Of course, this does not include actual subscription/decryption to the channels, which you would not be able to obtain - so no way to price that, but if you are playing Fantasy, take the total Programming Costs for a year from any of the public Companies and divide it by the number of video customers. Finally divide that by 12 months.

This usually ends up in the ballpark of $40 regardless of which Company you use, which includes VOD, Special Events, all the Sports packages, etc. Just using BASIC programming packages (not premium) this would be about 45% of this amount (or $18-$20), if you wanted to calculate it that way in your fantasy.

As in your fantasy you would have all RSNs etc - and the above is wholesale, $200 a month would be a good estimate for your fantasy, especially as VOD is not included.
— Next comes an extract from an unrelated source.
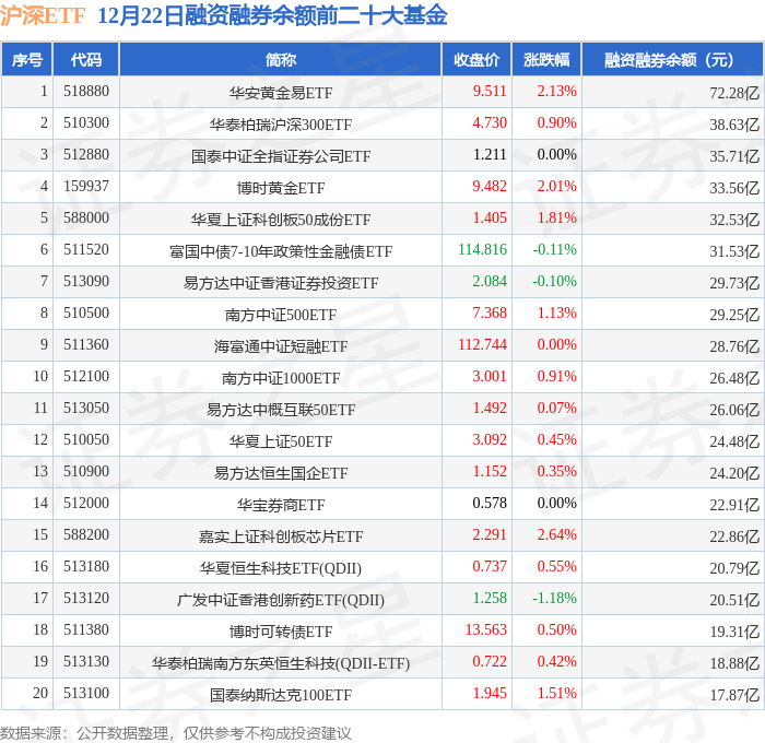沪深ETF融资融券余额前三分别为:华安黄金易ETF(518880)融资融券余额72.28亿元、华泰柏瑞沪深300ETF(510300)融资融券余额38.63亿元、国泰中证全指证券公司ETF(512880)融资融券余额35.71亿元,前20具体见下表:

If you just wanted basic programming, cut that down to $50 given a much higher markup than what MVPD Customers see.


----------



## mkdtv21 (May 27, 2007)

SomeRandomIdiot said:


> 1
> 
> Land is not the issue.
> 
> ...


Thank you for your explanation. I didn't know paying the content providers would be the cheapest part and the equipment was the expensive part. I thought it would be the other way around.


----------



## James Long (Apr 17, 2003)

mkdtv21 said:


> Thank you for your explanation. I didn't know paying the content providers would be the cheapest part and the equipment was the expensive part. I thought it would be the other way around.


Read carefully:


SomeRandomIdiot said:


> Of course, this does not include actual subscription/decryption to the channels, *which you would not be able to obtain - so no way to price that*,


Despite an attempt to provide a "fantasy price" it is clear that getting the content is the "priceless" part of the setup - as in "not available at any price". Channel providers may sell to individuals through distributor companies ... But writing a check to ABC/Disney/ESPN for $10 per month is not going to get ESPN activated on the fantasy monster dish system described. Channel providers are looking for the million dollar checks covering a hundreds of thousands of subscribers ... not small checks.


----------



## slice1900 (Feb 14, 2013)

Yep, in order to defray the cost of the multi million dollar equipment and multi million dollar rights contracts, you'll need to sign up many thousands of others to split the cost. Then you'll be a small cable TV operator fighting against Comcast and TWC! :bang


----------